Materialized views accelerate queries, enable lightweight ETL, and integrate lake and warehouse data.

Query Acceleration

In BI reports and ad‑hoc queries with heavy aggregations and joins, materialized views pre‑compute results to achieve second‑level response instead of minutes.

Lightweight ETL (Data Modeling)

They can be nested to build DWD/DWM layers, leveraging scheduled refreshes.

Lakeshore Integration

Materialized views over external tables reduce data import cost and speed up queries.

Classification of Materialized Views

Based on consistency and composition they fall into several categories.

Synchronous vs Asynchronous

Synchronous views keep strong consistency with base tables.

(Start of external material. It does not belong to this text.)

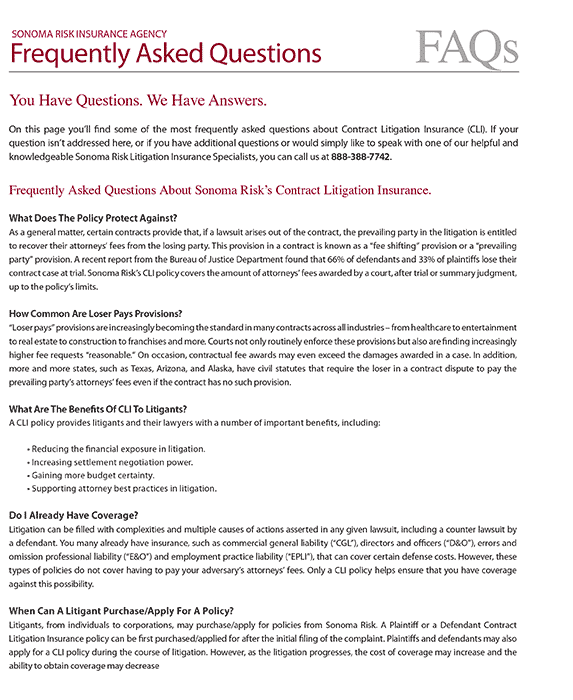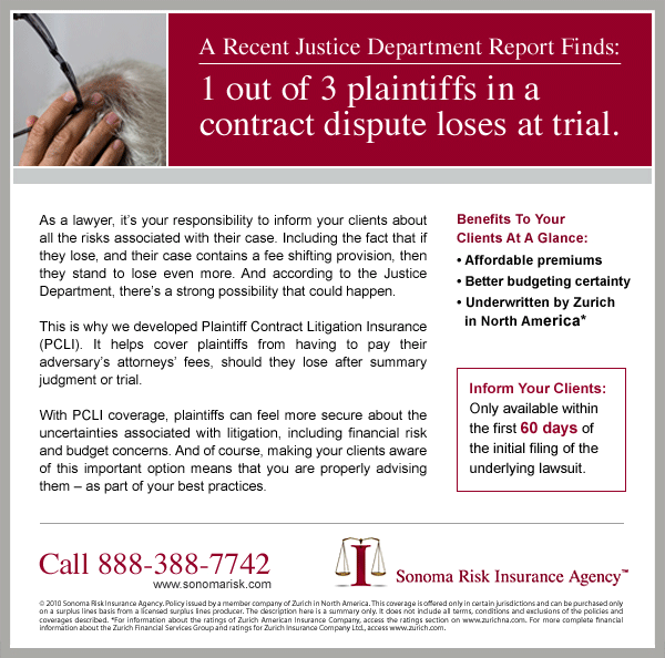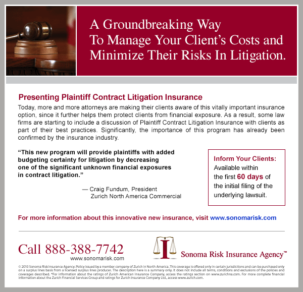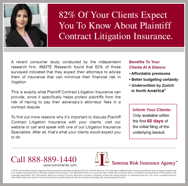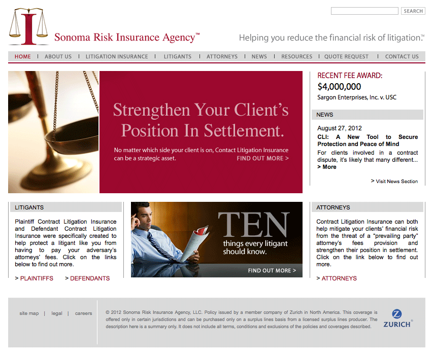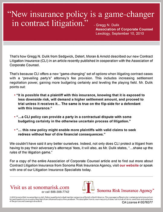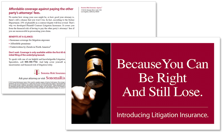 Positioning:Sonoma Risk is the leading provider of first-of-its-kind, innovative and affordable litigation insurance to individuals, businesses and corporations.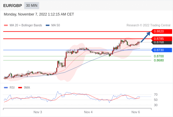 在 0.8730 之上,看涨,目标价位为 0.8785 ,然后为 0.8820 。

Asynchronous views achieve eventual consistency, suitable for scenarios tolerating delay (e.g., T+1 or hourly refreshes).

Single‑Table vs Multi‑Table

Both synchronous and asynchronous can be defined on single tables; only asynchronous can involve multiple tables.

Synchronous views are limited to single‑table definitions.

Refresh Strategies

Full refresh recomputes all data.

Partition incremental refresh updates only changed partitions.

Synchronous views behave like real‑time refresh, staying aligned with base tables.

Limitations and Applicability

Cannot provide real‑time synchronization; latency depends on refresh frequency.

Refresh cost and storage overhead: full refresh is expensive; incremental refresh supports limited aggregates; storage may double for many views.

Strict query matching: optimizer only uses a view when the query is fully compatible with its definition.

Dependency on base‑table schema: structural changes break dependent views.

Key Takeaways

Materialized views are powerful for pre‑computing results but should be used only in limited, fixed, and small‑scale scenarios due to maintenance complexity and risk.

Prefer combining SQL scheduling and monitoring to externalize view capabilities for easier management and future iteration.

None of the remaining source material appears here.